◆ Exercise description:
Transcribe the listing underneath, keeping each word exact and omitting the images.

◆ Dataset records:
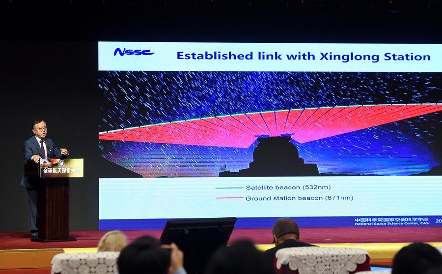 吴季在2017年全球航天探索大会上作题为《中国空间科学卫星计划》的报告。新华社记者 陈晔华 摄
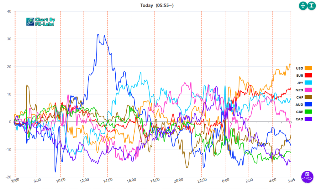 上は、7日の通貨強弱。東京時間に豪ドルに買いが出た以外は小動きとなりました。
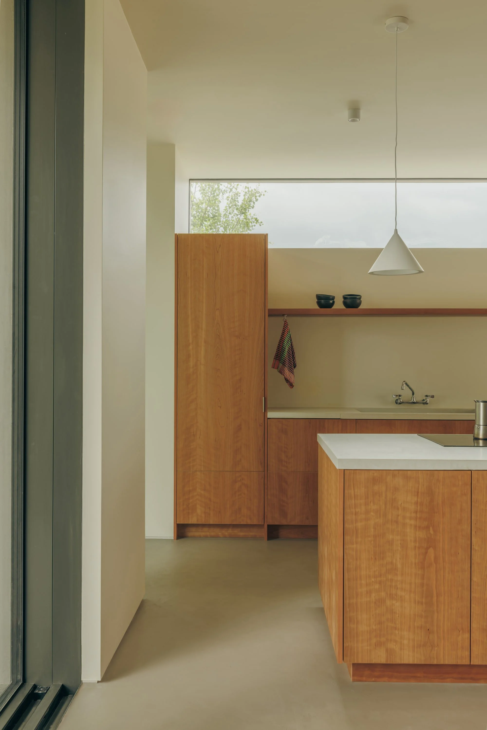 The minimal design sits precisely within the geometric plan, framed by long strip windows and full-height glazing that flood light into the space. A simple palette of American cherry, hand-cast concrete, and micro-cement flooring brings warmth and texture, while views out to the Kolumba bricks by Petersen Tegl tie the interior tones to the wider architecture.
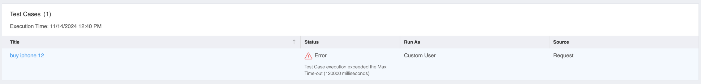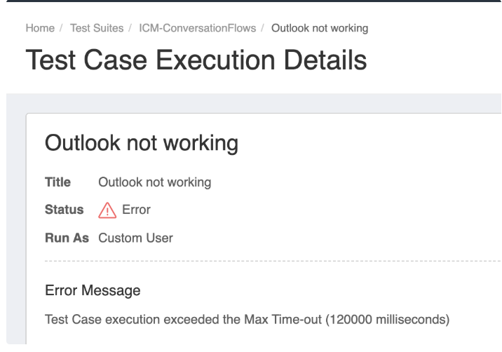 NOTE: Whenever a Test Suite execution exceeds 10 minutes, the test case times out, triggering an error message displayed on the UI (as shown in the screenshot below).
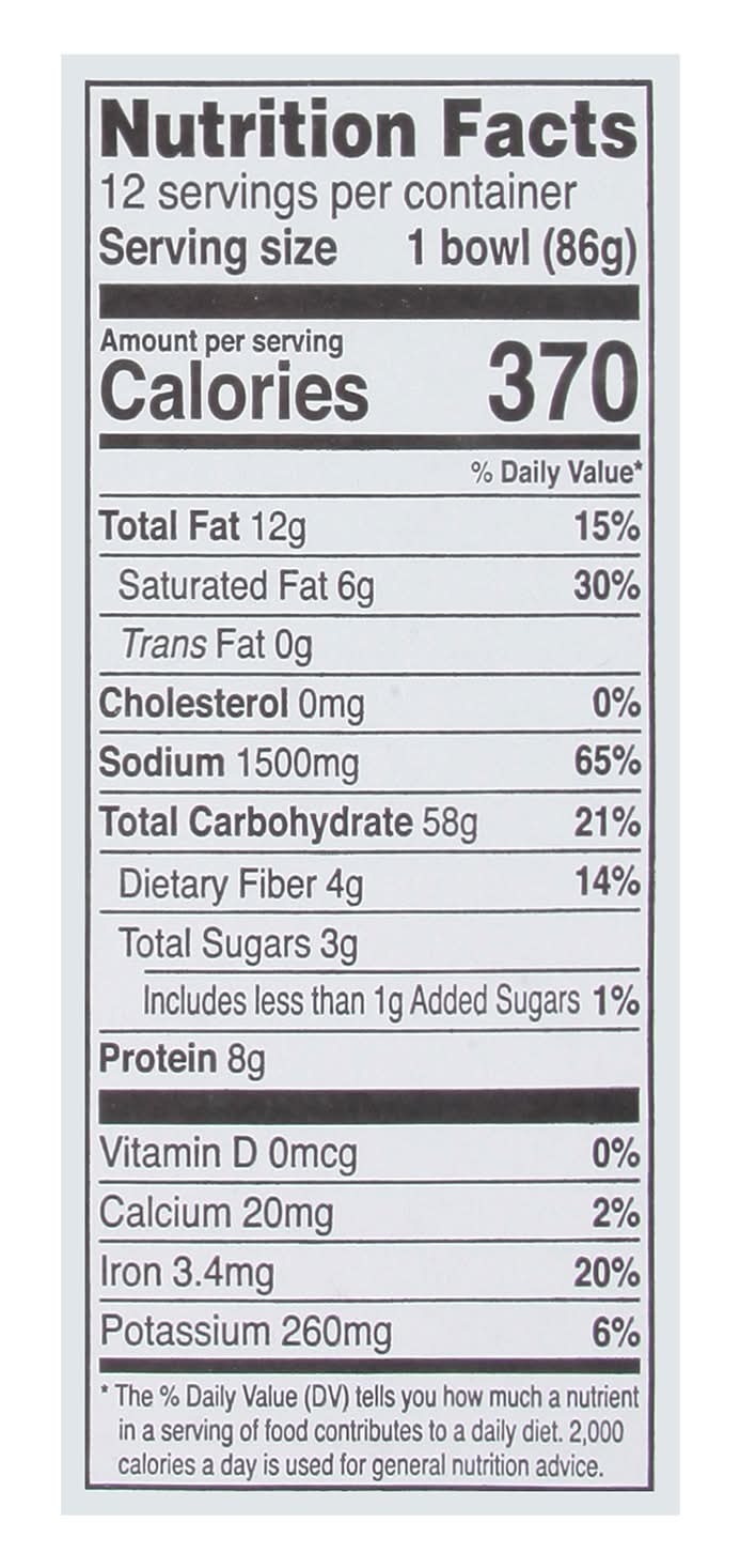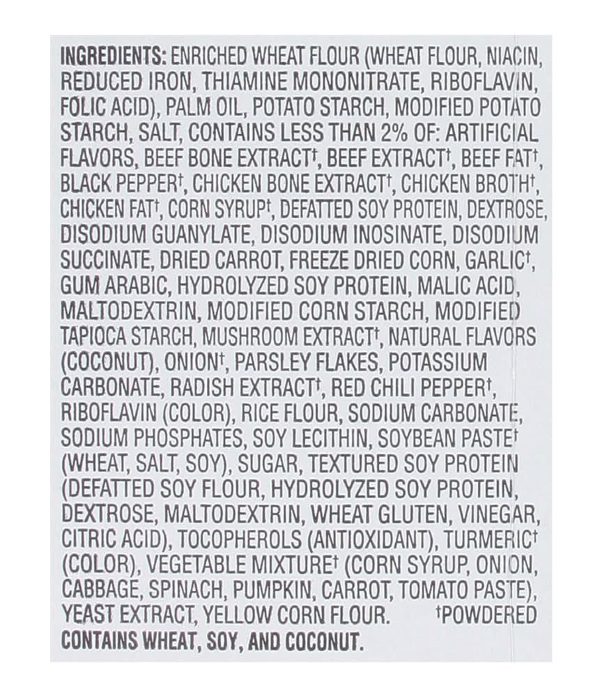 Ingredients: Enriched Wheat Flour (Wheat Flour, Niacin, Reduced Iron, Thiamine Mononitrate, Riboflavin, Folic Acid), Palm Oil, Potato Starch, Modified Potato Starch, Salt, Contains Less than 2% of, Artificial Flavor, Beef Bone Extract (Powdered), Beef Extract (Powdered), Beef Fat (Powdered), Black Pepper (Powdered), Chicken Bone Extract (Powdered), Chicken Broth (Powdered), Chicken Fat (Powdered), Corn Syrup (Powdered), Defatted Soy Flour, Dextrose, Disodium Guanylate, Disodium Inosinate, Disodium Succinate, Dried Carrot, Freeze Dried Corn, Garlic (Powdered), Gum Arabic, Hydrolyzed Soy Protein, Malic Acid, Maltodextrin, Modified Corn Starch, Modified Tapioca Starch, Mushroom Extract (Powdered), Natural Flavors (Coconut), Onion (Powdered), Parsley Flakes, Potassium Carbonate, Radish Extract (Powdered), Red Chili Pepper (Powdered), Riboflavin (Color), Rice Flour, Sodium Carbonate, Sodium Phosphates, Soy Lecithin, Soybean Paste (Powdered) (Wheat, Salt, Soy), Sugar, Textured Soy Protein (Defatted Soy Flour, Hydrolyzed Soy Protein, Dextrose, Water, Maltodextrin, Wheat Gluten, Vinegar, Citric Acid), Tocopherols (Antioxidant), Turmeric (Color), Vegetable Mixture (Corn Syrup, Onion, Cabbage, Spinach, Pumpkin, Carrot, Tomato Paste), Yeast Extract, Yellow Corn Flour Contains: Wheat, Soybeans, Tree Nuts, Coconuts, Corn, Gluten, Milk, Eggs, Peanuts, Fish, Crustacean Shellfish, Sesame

◆ Solution for this problem:
 吴季在2017年全球航天探索大会上作题为《中国空间科学卫星计划》的报告。新华社记者 陈晔华 摄
 上は、7日の通貨強弱。東京時間に豪ドルに買いが出た以外は小動きとなりました。
 The minimal design sits precisely within the geometric plan, framed by long strip windows and full-height glazing that flood light into the space. A simple palette of American cherry, hand-cast concrete, and micro-cement flooring brings warmth and texture, while views out to the Kolumba bricks by Petersen Tegl tie the interior tones to the wider architecture.
 NOTE: Whenever a Test Suite execution exceeds 10 minutes, the test case times out, triggering an error message displayed on the UI (as shown in the screenshot below).
 Ingredients: Enriched Wheat Flour (Wheat Flour, Niacin, Reduced Iron, Thiamine Mononitrate, Riboflavin, Folic Acid), Palm Oil, Potato Starch, Modified Potato Starch, Salt, Contains Less than 2% of, Artificial Flavor, Beef Bone Extract (Powdered), Beef Extract (Powdered), Beef Fat (Powdered), Black Pepper (Powdered), Chicken Bone Extract (Powdered), Chicken Broth (Powdered), Chicken Fat (Powdered), Corn Syrup (Powdered), Defatted Soy Flour, Dextrose, Disodium Guanylate, Disodium Inosinate, Disodium Succinate, Dried Carrot, Freeze Dried Corn, Garlic (Powdered), Gum Arabic, Hydrolyzed Soy Protein, Malic Acid, Maltodextrin, Modified Corn Starch, Modified Tapioca Starch, Mushroom Extract (Powdered), Natural Flavors (Coconut), Onion (Powdered), Parsley Flakes, Potassium Carbonate, Radish Extract (Powdered), Red Chili Pepper (Powdered), Riboflavin (Color), Rice Flour, Sodium Carbonate, Sodium Phosphates, Soy Lecithin, Soybean Paste (Powdered) (Wheat, Salt, Soy), Sugar, Textured Soy Protein (Defatted Soy Flour, Hydrolyzed Soy Protein, Dextrose, Water, Maltodextrin, Wheat Gluten, Vinegar, Citric Acid), Tocopherols (Antioxidant), Turmeric (Color), Vegetable Mixture (Corn Syrup, Onion, Cabbage, Spinach, Pumpkin, Carrot, Tomato Paste), Yeast Extract, Yellow Corn Flour Contains: Wheat, Soybeans, Tree Nuts, Coconuts, Corn, Gluten, Milk, Eggs, Peanuts, Fish, Crustacean Shellfish, Sesame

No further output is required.